Things You Must Never Say To Your Daughter
- “If you do that again, I’m going to kill you!” “I’m going to break your neck!” Don’t threaten physical harm. Threats only cause fear if you carry them out, and reduce your credibility if you do not.
- “Why can’t you be more like him/her?” Never compare your child to anyone else. She is Allah’s unique creation.
- “I told you so. You Should have listened to me.” Don’t rub salt in a wound. She’s already aware that she was wrong.

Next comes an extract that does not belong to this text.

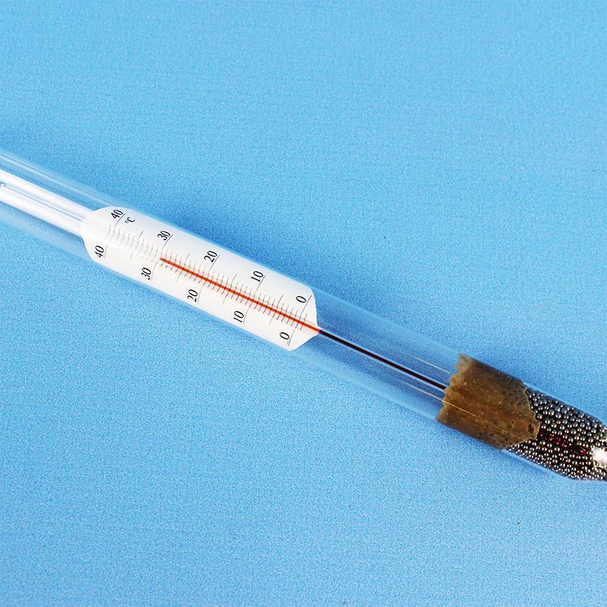 Ареометр для сахара АСТ-2 (5...15%), с термометром, (ГОСТ 18481-81). омбинированный сахаромер с встроенным стеклянным термометром, позволяющий одновременно измерять массовую долю сахара и фактическую температуру образца (0…+40 °C) прямо в цилиндре, без внешних термометров. Серия используется для быстрого контроля концентрации сухих веществ при приготовлении сиропов, суслов, соков и других сахаросодержащих растворов в соответствии с ГОСТ 18481-81.
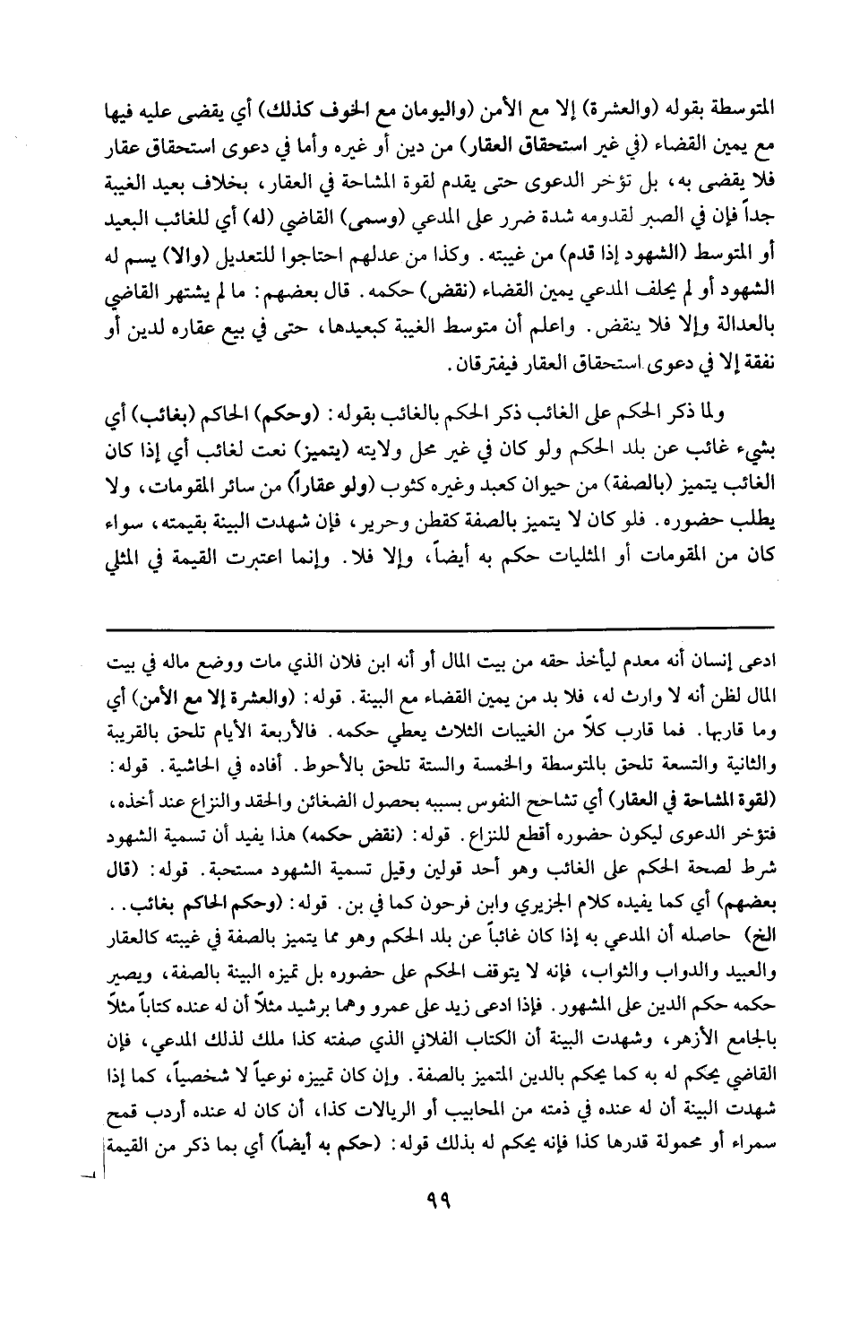 ادعى إنسان أنه معدم ليأخذ حقه من بيت المال أو أنه ابن فلان الذي مات ووضع ماله في بيت المال لظن أنه لا وارث له فلابد من يمين القضاء مع البينة . قوله : 16 ( والعشرة الأيام مع الأمن ) : أي و ما قاربها ، فما قارب كلاً من الغيبات الثلاث يعطى حكمه ، فالأربعة أيام تلحق بالقريبة و الثمانية و التسعة تلحق بالمتوسطة ، و الخمسة و الستة تلحق بالأحوط أفاده في الحاشية . قوله : 16 ( لقوة المشاحة في العقار ) : ) ) 16 ( 16 ( أي تشاحح النفوس بسببه و حصول الضغائن و الحقد و النزاع عند أخذه فتؤخر الدعوى ليكون حضوره أقطع للنزاع . قوله : 16 ( نقض حكمه ) : هذا يفيد أن تسمية الشهود شرط لصحة الحكم على الغائب وهو أحد قولين وقيل تسمية الشهود مستحبة .

- “You are perfect!” “That’s the most beautiful artwork I’ve ever seen! You are the most beautiful girl in the world!” Praise breed arrogance and boastfulness. Instead, recognize her accomplishments but give credit to Allah who created her and gave her talents and abilities, by saying “Ma Sha’Allah”, and “Alhamdulillah.”
- “I heard that you did something bad, so I know you did it. You always cause trouble.” Don’t believe rumors. Always give your child a chance to explain her side. Suratul Hujurat tells us to ascertain the truth of any rumor coming to us.
- “You make me sick.” “I wish you were never born!” Suratul Hujurat says avoid sarcasm, suspicion, name-calling.
- “Oh!, you don’t mean that.” “it could always be worse.” “Hey, it’s really no big deal; why are you getting so upset?.” If something is upsetting your daughter, offer comfort, but do never try to make it seem insignificant. Her feelings are valid, and her emotional pain is real for her. Let her vent; then help her discover the lessons and solutions.